Because of their own background, the way they were taught, and/or their perception that math is about numbers and getting correct answers (it's not), the belief is out there that our "smartest" kids are the only ones who are capable of being good at math. 

Math is not about numbers.  Being able to multiply numerators and denominators may get you the correct answer to a fraction multiplication problem, but it does not show that you understand what multiplying fractions really is, or what problems you face in your life that may require you to use this skill.  Being able to Divide, Multiply, Subtract, and Bring Down may get you the correct answer to a division problem, but it won't show that you know that division is putting items into equal groups. 

These memorized procedures aren't math, but in the United States we rarely require more than that from our students.  This was shown pretty clearly in the 2007 TIMMS study in which math and science teaching and learning were examined in countries around the globe.  The kids who aren't good at memorizing these procedures that we often teach out of context and without relevance are not bad at math. 

All students are capable of higher-level thinking.  Some are capable of doing this higher-level thinking with more difficult problems, but all students should be required to think.

The alternative is that we develop a generation of students who can't. 

Photo Credit - Sidereal


  1. You did it again! I wish you would just a write a book! I agree that it does not matter how old you are to have higher order thinking. I believe that even if you are 5; you can analyze, synthesize, and eval what you do- anyone who has children can agree with me. However, there is a great point that you mentioned that everyone was discussing that day at NEIU - how do you know which is which? I will take myself as an example: when I was younger I could not 'get' math (k,1,2) but as I got older it came easier? why?

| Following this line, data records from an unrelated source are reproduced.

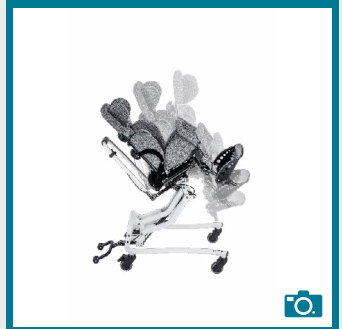
Réglage de l'inclinaison du châssis
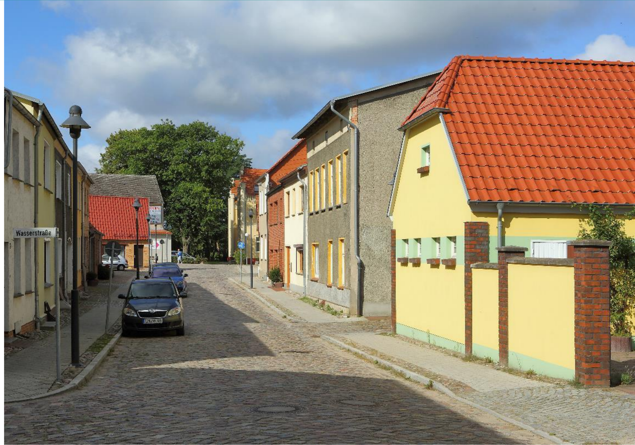
Blickachse Lutherstraße - Wasserstraße
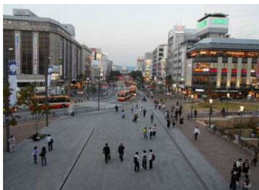
10月9日 JR姫路駅北口駅前広場

最後に、通行者の性別で見ると、全30地点のうち、8割以上の地点において男性より女性の通行量が多く、特に、二階町商店街では2倍以上(男性:1,999人、女性4,172人)の差が生じている。これは、当商店街で催されていた「ふれあい新鮮市」の来客の多くが女性であったことによるものと考えられる。
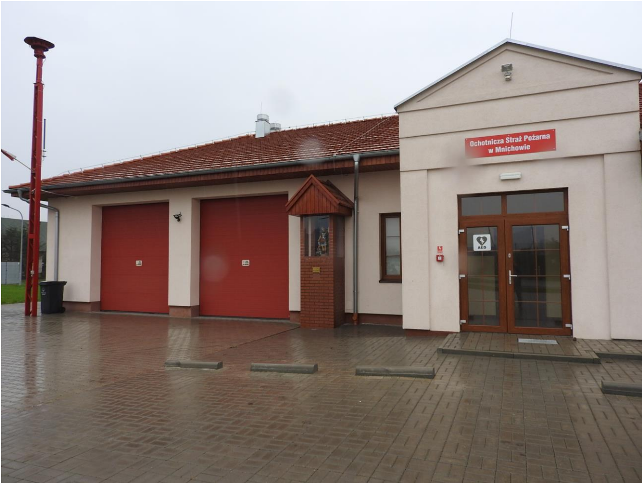
Sala wiejska i remiza strażacka
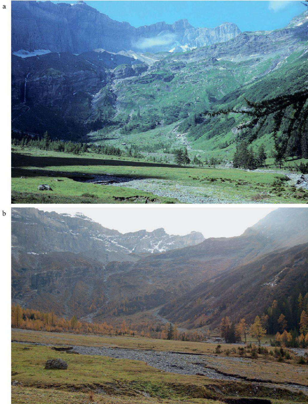
Figure 3.—Evolution de la végétation sous l'alpage de Nant entre (a) 1979 et (b) 2008.
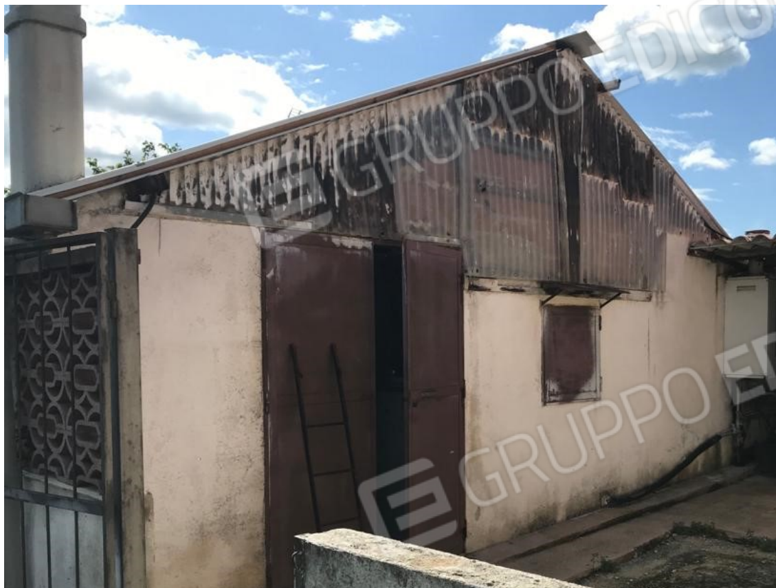
13. Lotto 001. Spazio pertinenziale pavimentato a est della casa. Accesso al deposito esterno
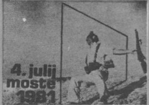
4. julij moste 1981

Ob praznovanju dneva borca v Ljubljani in ob novi delovni zmagi vas delovni ljudje in občani občine Ljubljana Moste-Polje
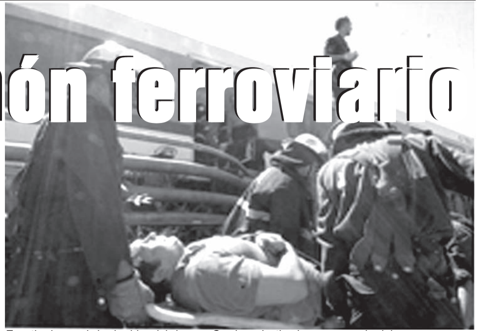
Es retirado uno de los heridos del choque. Con las privatizadas no se puede viajar seguro.

La empresa a los cinco minutos del choque de trenes dijo que la falla era "humana", acusando a los trabajadores. El colmo de todo esto es que la CNRT, a las pocas horas, avaló lo dicho por la empresa, pero no tuvo la misma
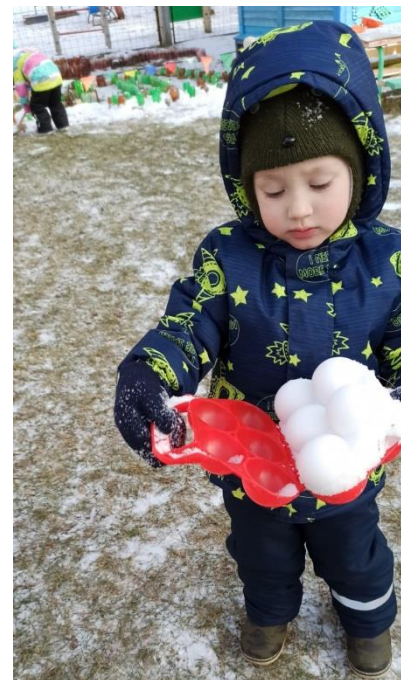
Игры с песком и снегом
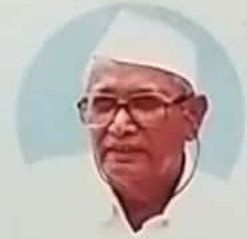
डॉ. बाळासाहेब विखे पाटील (पद्मभूषण उपाधिने सन्मानित) (१९३२-२०१६)
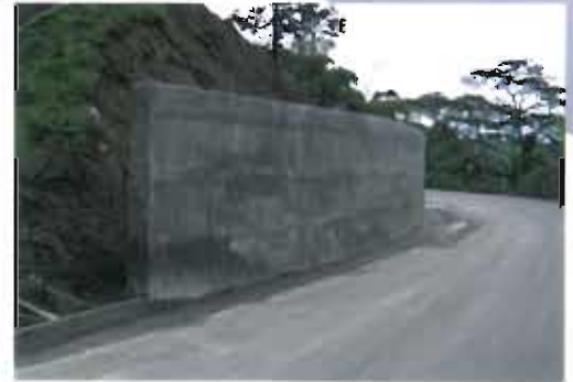
Puente sobre el río Cauca. Caucasia - Antioquia.
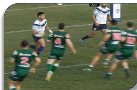
Sosthène Ennoyotie balle en main face à Lézignan
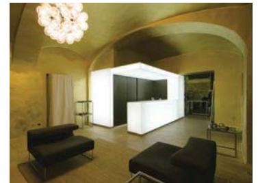
STUDIO 74 _ Before Jeans N Dress

Immagini in alta risoluzione presenti su:
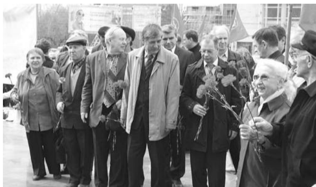
● НА ФОТО: ВОЗЛОЖЕНИЕ ЦВЕТОВ В ЧЕСТИ ДНЯ РОЖДЕНИЯ ВОЖДЯ

Активисты КПРФ и представители левых организаций и движений возложили цветы к памятнику Владимиру Ильичу ЛЕНИНУ на одноименной площади в честь дня рождения вождя мирового пролетариата. В митинге и возложении цветов приняли участие более ста человек.
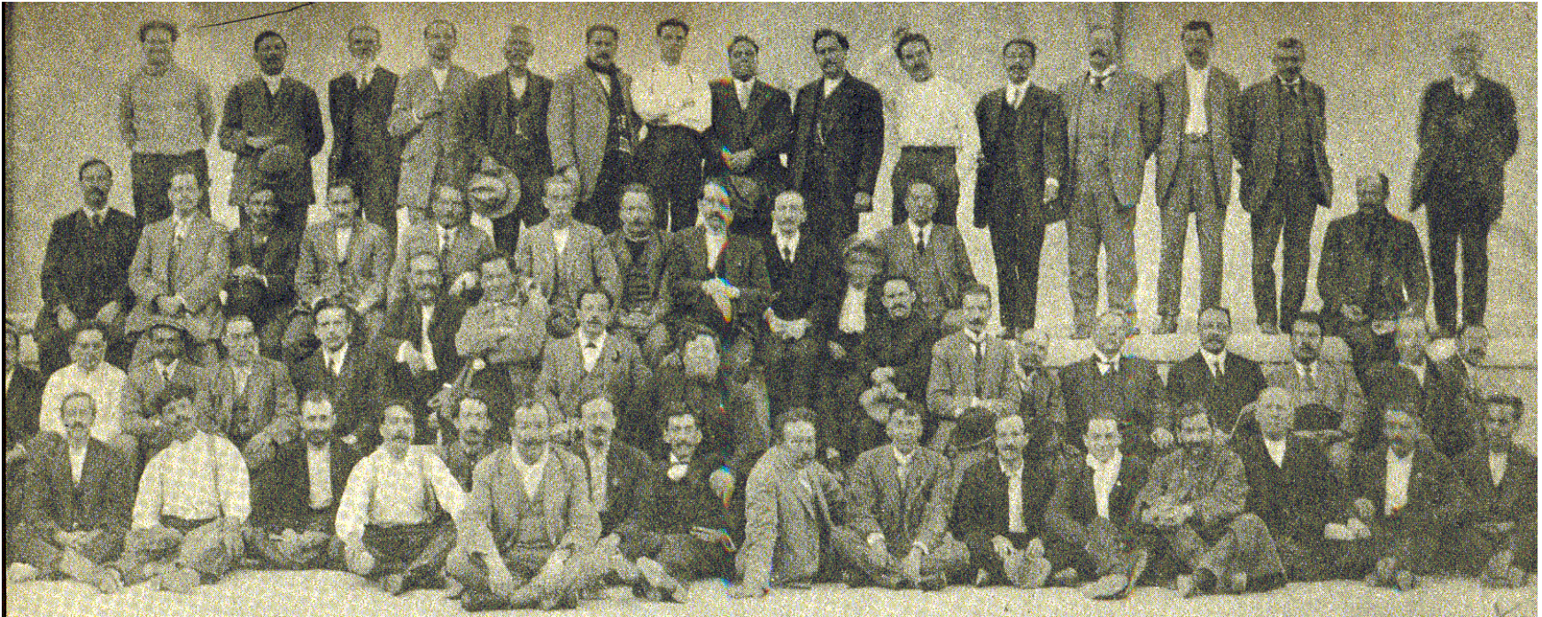
Diputados de la XXVI Legislatura, encarcelados en Lecumberri.
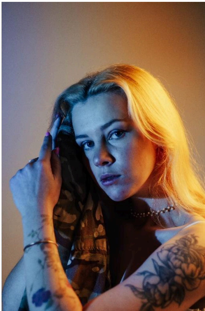
Фото 8. Приклад фронтального світла з додаванням бічного.
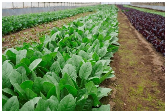
千葉県香取市の佐原農場で栽培している オーガニックベビーリーフ
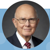
Saunia e Peresitene Dallin H. Oaks Fesoasoani Muamua i le Au Peresitene Sili
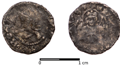
Ryc. 10. Wrocław, ul. Krasieńskiego 1. Parvus Jana Luksemburskiego. Skala 2:1

I. M.: ul. Kraińskiego 1, pd.-wsch. część płyty boiska. D.: 28 IX 2016. Ok.: nadzór archeologiczny prowadzony przez Instytut Archeologii Uniwersytetu Wrocławskiego. L.: 1 moneta. Zb.: Instytut Archeologii Uniwersytetu Archeologicznego.
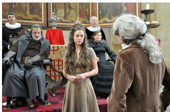
Der Teufel mit den drei goldenen Haaren

  2. What was it in those grades that made me think I was horrible at math? Was I the only one? The older I got the easier - especially for Trig/Calc. My question is why? My answer, we remember that in Reading and writing that everyone develops at a different pace, but I think we sometimes forget that in math. Everyone thinks and learns differently - that's how we need to teach. There are STILL geomemtry problems I can't get - but give me Algebra and I'm there! We have to come up with a curriculum that makes kids stay with something until it's concrete, rather than introducing and moving on!

  3. The way we teach math here in the US makes it very difficult for a majority of students to really understand the mathematical concepts that they need to know and the purpose of math. The fact that you see Algebra and Geometry as 2 completely separate entities points to this fact. We teach it that way - each in isolation, despite the fact that they are intertwined. We do the same in science, too. You can no more separate chemistry from biology and physics than you can algebra from geometry, yet we do it year after year and expect our students to magically connect what they've learned. Many other countries don't do it that way. I feel a new blog post coming on...

  4. Ok - let me expain further... I see your point, however my problem with geometry lies with spatial concepts. I understand what you are saying that one concept builds on the other. But, we need to also keep in mind that every person learns and understands differently. No matter how much time we spend on a concpept, developmently and personaly some students may not grasp. To this day I still have problems with spatial concepts (and my parents were custom home builders! go figure!). I agree that we do need to instill higher order thinking at all ages and change the way we teach math. But in our 'new way' we can't remove the reality that there will still be concepts we need to spend more time on with certain students; just as we do in Reading.

  5. I agree whole heartedly, I believe that children will supprise their teachers more given the chance, as you said it is not the "answer" we should be concerned about but the fact that they can "think" and may even come up with ways to arrive at an answer by "thinking" through the process.